The term "beta" will also collapse into irrelevance in downloadable software, predicts Chris Messina, who calls himself director of experience at Flock, a startup developing an open source browser. Users of Microsoft products know that when software products move out of beta, users are flooded with security and quality patches in short order, meaning that version 1.0 isn't so much a magic milestone as just another point in a continual cycle of development.
"I see gradients of validity where for my mom I might wait until Flock gets to 0.8 before I install it for her," Messina says. "For friends who I like I'll give them the development version that won't crash the system, and then for people I don't like they can have the nightly builds. So I think we'll have three tracks."
Guardian Unlimited Technology | Are you a dummy for beta software?
So there you have it, if I don't like you, go download annightlyhourly build. ;)
No, just kidding.
But the point stands -- software development is indeed becoming more organic, without really even realizing it (or maybe it has been all along, but we've fought its natural state for business reasons -- after all, selling upgrades is a lucrative bidniz). Sure, you've still got holdouts and beta logos plastered all over the place, but the reality is this: software is a process. It's never really done. The longer we go on pretending that the vaunted one-dot-oh somehow indicates a sense of finality, security or stability, the harder time we're going to have convincing folks not in the geek world that there will always be bugs, that there are no right answers, that, just like natural systems, we've got to design for imperfection, frailty, accidents and hell, the irrationality of human actors.

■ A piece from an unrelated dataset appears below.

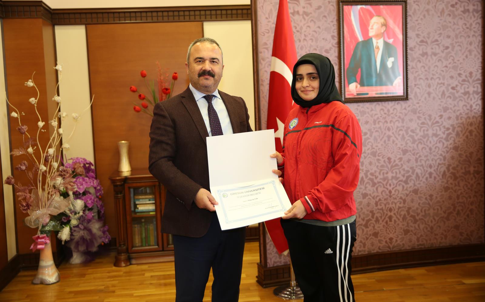 Giresun Üniversitesinin spor alanında kazandığı başarılara bir yenisinin daha eklendiğini ve bunun memnuniyet verici olduğunu dile getiren Rektörümüz, gelecek sezon için takımlara başarı diledi.

So listen, I'd read somewhere recently (I forget where -- I wasn't using Flock so I can't full-text search my history) that this whole BETA program fad is just a way for companies to shirk responsibility for the apps they deploy. It's like, you call something "beta" and poof, no more responsibility. Well, clearly no one really does read EULAs anymore or you'd know that, beta or not, no one takes responsibility for anything anymore. It's all the in the EULA, usually in some big bold type like this: WE DON'T CARE IF YOU BLOW UP YOUR COMPUTER WITH OUR SOFTWARE, IT'S NOT OUR FAULT AND THE LAW IS ON OUR SIDE, GET OVER IT (copied from the IE7 beta 2 EULA).
(No, just kidding).
Anyway, I think the point that Schofield makes in his article is a good one, and I enjoyed the chance to talk to him about it. But really folks, and this was raised in that conversation, what the heck are we going to do with desktop apps and the ever-present push towards one-dot-ohs? I don't see them going away any time soon and yet they simply don't reflect anything useful, especially since webapps have the luxury of never really worrying about that problem and can be in a constant state of flux and no one really cares... As it is, Thunderbird has been downloading updates every other day, asking me to restart it so that it can update itself... I have no idea what version I'm running -- only the knowledge that somebody, somewhere is working on the thing and that its stability comes in fits and spurts. And that's ok, because I've come to Jesse baby, hallelujah!, praise the Ford, Zen-master dojo, taekwon-do and on and on. Yeah, now that software development is becoming more zen-like, how do we help the rest of the world cope with the realities of such uncertainty?